The frustration indexes of FBSs were largely changed at 18 positions compared to those of FSs (ΔFi > = 0.70) (Fig. 7d and Supplementary Table S5). The threshold (=0.70) was chosen since it separates high frequency peaks representing small frustration changes from low peaks representing large frustration changes (Supplementary Fig. S6). Among these 18 positions, 11 positions become less frustrated and the other 7 positions become more frustrated. The large change of local frustration between FSs and FBSs originates from the presence of binding partner in the evolution simulations. For FBSs, evolved sequences have to adapt to the specific binding interactions in addition to those within the Rec domain by varying the amino acid identities. Energetically, all the positions are globally constrained by the interaction network. Evolution aims to search the interaction patterns which satisfy global minimization of frustration to the large extent by adjusting local frustrations. From the computation equation of local frustration (equation 3 in the “Methods” section), local frustration of the position is determined by the contact energies it has with its surrounding neighbors. Frustration index is quantified by the native energy with respect to the mean value of the decoys, considering the standard deviation from the energy distribution. Taking the position 84 with the largest frustration change as an example (Supplementary Table S5), it is locally frustrated in FSs but minimally frustrated in FBSs. Position 84 has only one contact with position 105 within Rec domain (Supplementary Fig. S7a), thus its local frustration can be largely influenced if additional contacts included. It has additional three contacts (84–260, 84–263 and 84–310) when the specific binding partner HK is present (Supplementary Fig. S7b). These three contacting positions His260, Arg263 and Leu310 all have strong interactions with hydrophobic amino acids according to MJ matrix, which leads to high hydrophobic preference and minimal frustration of position 84 for the evolved sequences in FBSs. Protein evolution balances the folding requirement and functional-binding requirement as energetic conflicts in FSs is largely compensated by the minimal frustrations in FBSs (Fig. 6d)55,63.

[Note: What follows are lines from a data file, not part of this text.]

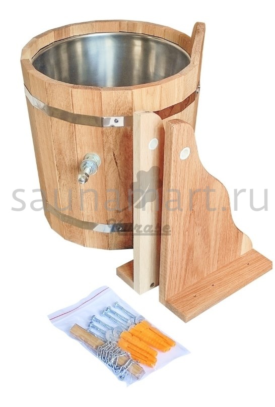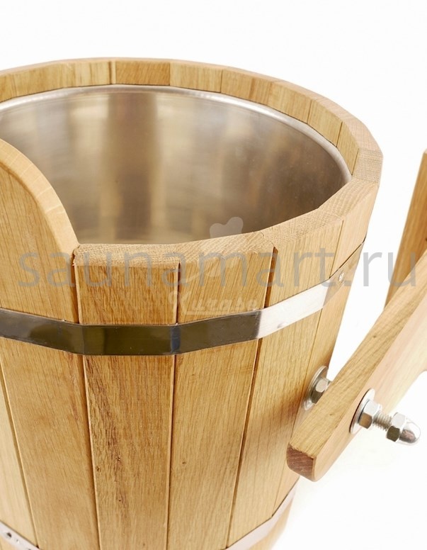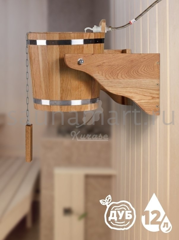 Обливное устройство  для бани и сауны. Объем 12 литров. Материал изготовления - древесина дуба. Внутренняя вставка из нержавеющей стали предотвращает появление грибка и ржавчины.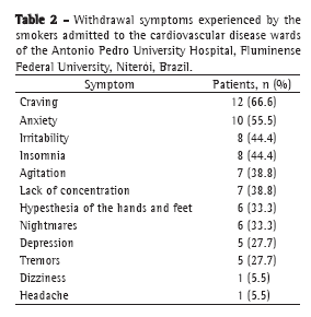 In Brazil, there have been few studies of in-hospital smoking cessation treatment and management. In the present study, the prevalence of current smoking was found to be 13.2% among the 136 inpatients evaluated. Of those, 88.2% had concomitant withdrawal symptoms. In a study of 650 hospitalized smokers conducted at a hospital in the United States, the prevalence of active smoking was found to be 25%, and 55% of the patients who were smokers reported withdrawal symptoms.(8) The incidence of smoking among hospitalized patients in smoke-free psychiatric hospitals is nearly 50%.(15) Emmons & Goldstein(16) found that the prevalence of smoking in 304 inpatients treated on a cardiovascular disease ward was 16%. In a study of 110 inpatients conducted at the São Paulo Hospital for State Civil Servants, located in the city of São Paulo, Brazil, the prevalence of smoking was found to be 17%, and 15% of the patients who were smokers reported withdrawal symptoms.(9) Another group of authors(17) found that smokers hospitalized for elective surgery had no severe withdrawal symptoms, suggesting that the psychological stress caused by the surgical procedure might have lessened the withdrawal symptoms.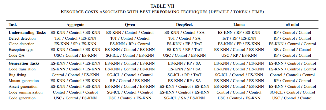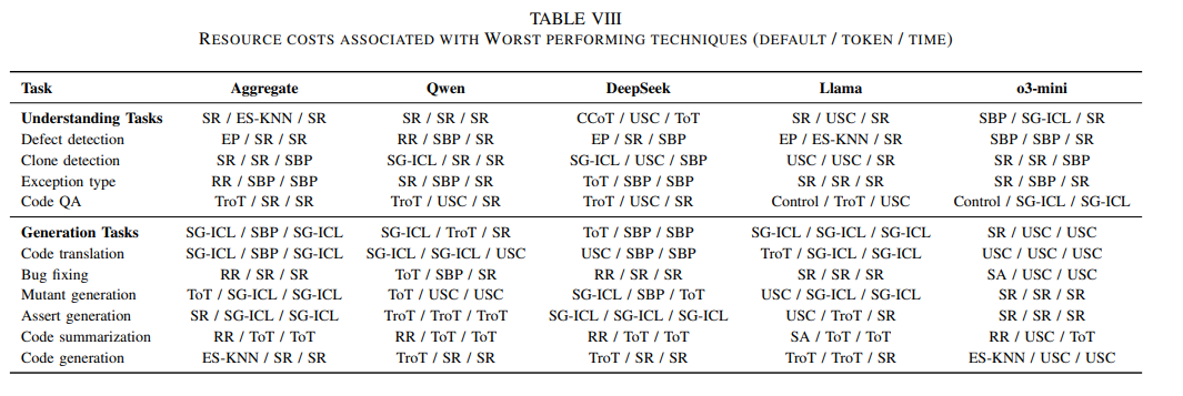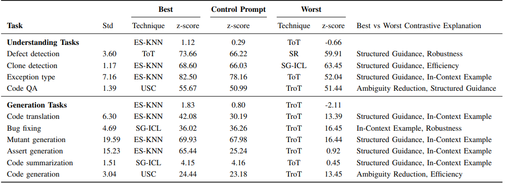 基于在10个软件工程任务上的综合表现,提示技术的总体排名如下:

Fig. 7: Structure-specific interaction patterns optimized by evolution.
figure 7

a Difference of frustration index between the presence and absence of HK as the evolution template for the Rec domain, the red dashed lines are used to choose the positions which become largely less or more frustrated (ΔFi > = 0.7) when HK is present or not as the template. b The positions becoming largely less frustrated are colored in red and labeled in black; while the positions becoming largely more frustrated are colored in blue and labeled in white, including two positions (91 and 101) not shown as the dotted arrow points at.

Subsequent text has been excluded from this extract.